Она чувствует, как мрак подходит ближе. Как его тень падает на нее. Сквозь тьму просачивается голос:
– Я заберу всю эту боль, я дам тебе отдохнуть, даже взращу дерево над твоей могилой. Только сдайся…
Это слово, будто слеза, размывает пелену. И Адди, испуганная, терзаемая болью, понимает – она выстоит.
Она переживала и худшее. И еще не то переживет. А это ерунда – просто проявление мерзкого характера несносного бога.
Отдышавшись, она прерывисто шепчет:
– Катись-ка ты в ад.
Адди готовится к самому плохому, гадая, проглотит ли он ее целиком или бросит изжеванной оболочкой валяться на полу в хижине старухи. Но опять раздается низкий рокочущий смех, а когда тот затихает, воцаряется тишина.
Адди боится открывать глаза, но в конце концов набирается смелости и видит: она снова одна.
Кости больше не болят, распущенные локоны окрасились в каштановый, а руки, которые недавно покрывали морщины, вновь стали молодыми, гладкими и сильными.
Шатаясь, она поднимается и идет к очагу, но бережно разожженный огонь угас.
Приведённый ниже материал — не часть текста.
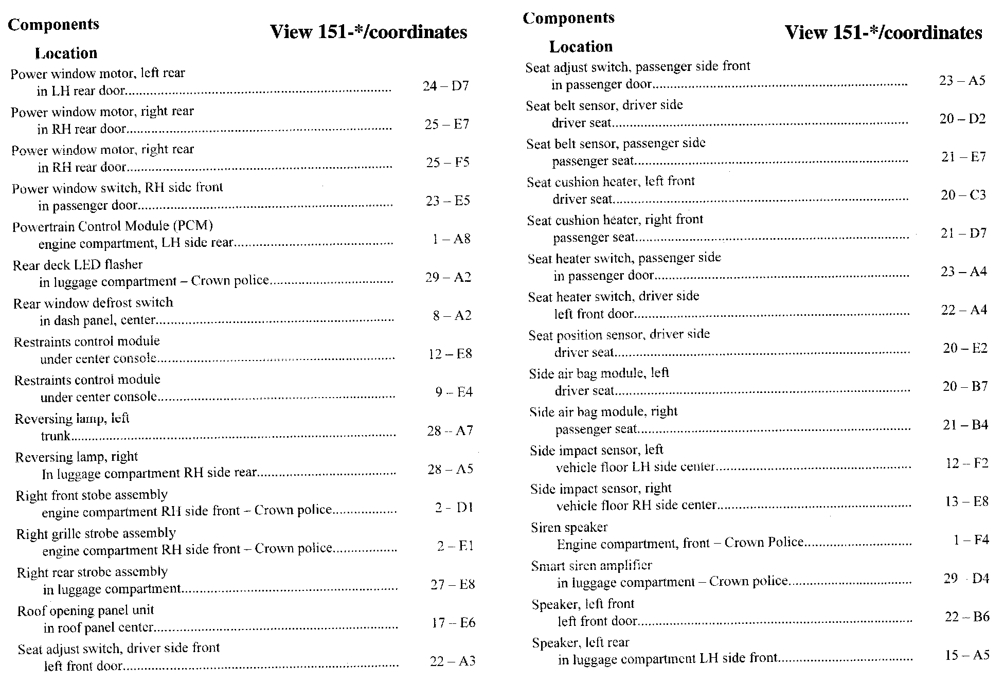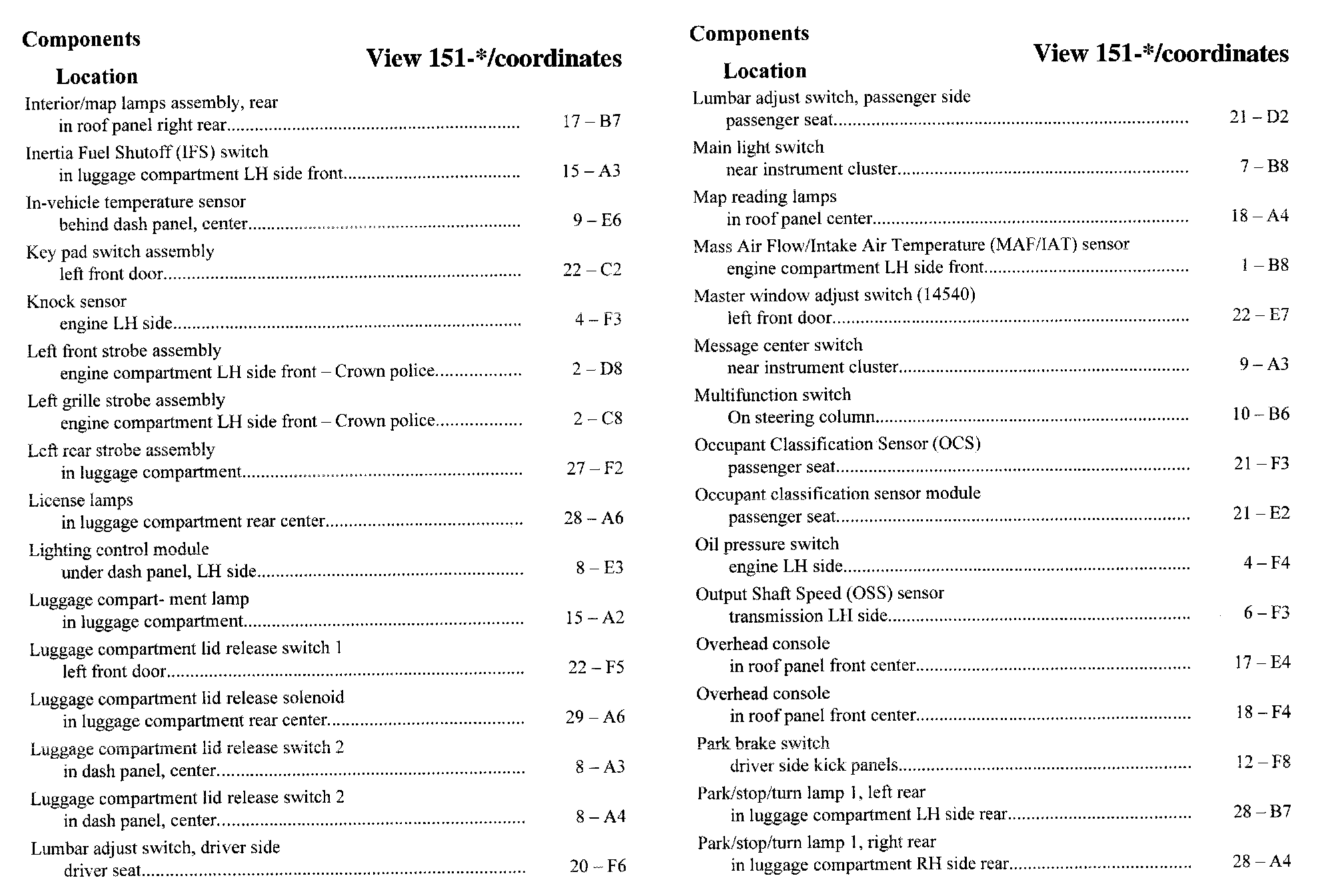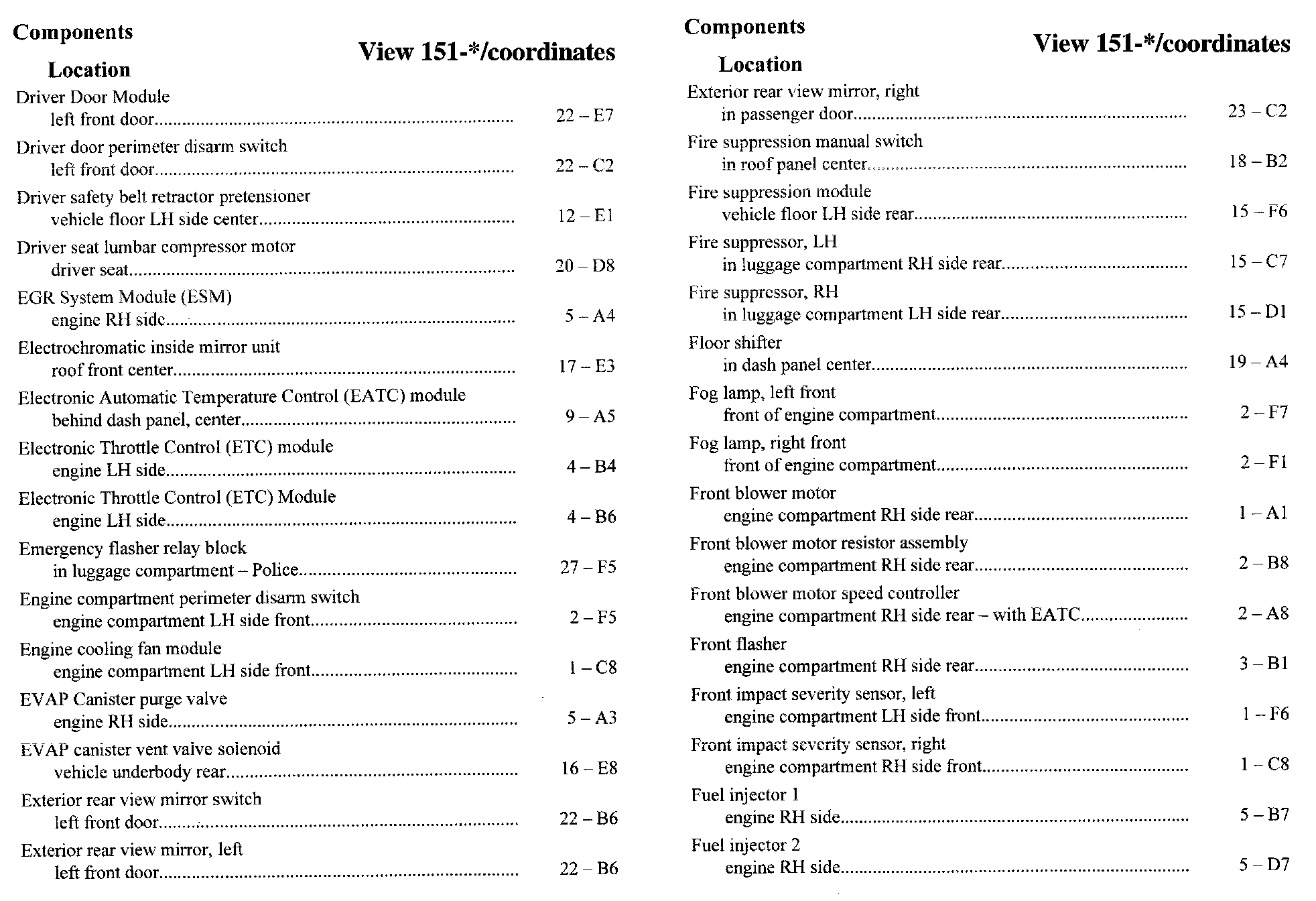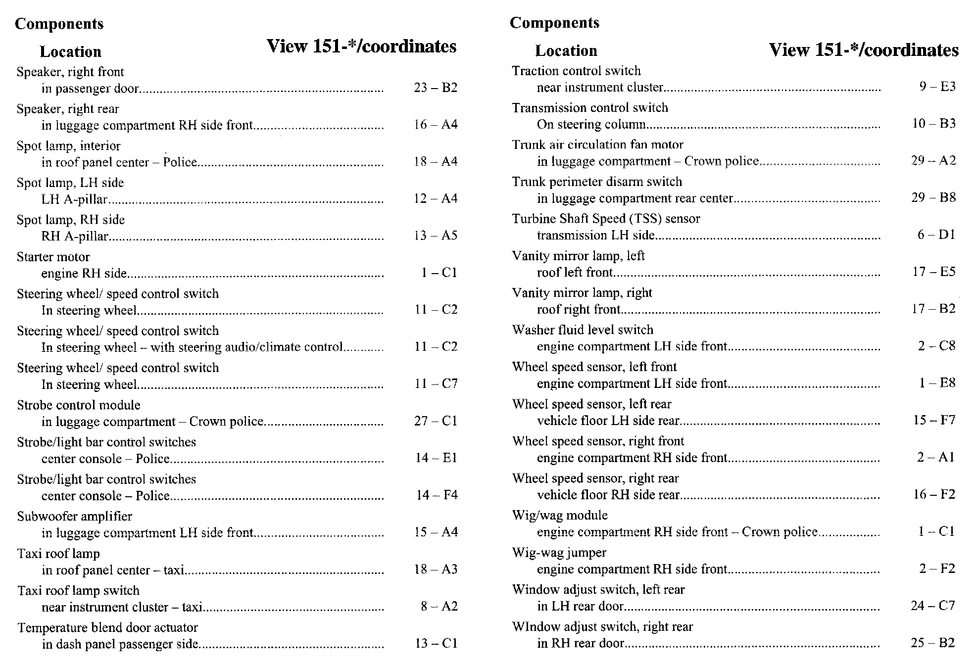 PLEASE NOTE: If a link on the Component Location Index to a View is not provided, that means that the Component and/or View in question does NOT apply to the vehicle model selected.

Той ночью Адди сворачивается калачиком на трухлявом тюфяке, накрывшись ветхим одеялом, которое не успели стащить жители деревни, и думает об Эстель.
Закрывает глаза и глубоко дышит, пока наконец не начинает чуять запах трав, запутавшихся в волосах старухи, аромат ее сада и живицы на дряхлых руках. Цепляется за воспоминания о кривой улыбке, похожем на карканье смехе, голосе, что рассказывал Адди о старых богах. Давным-давно, в юности, когда Эстель учила ее не бояться бурь, теней и ночных шорохов.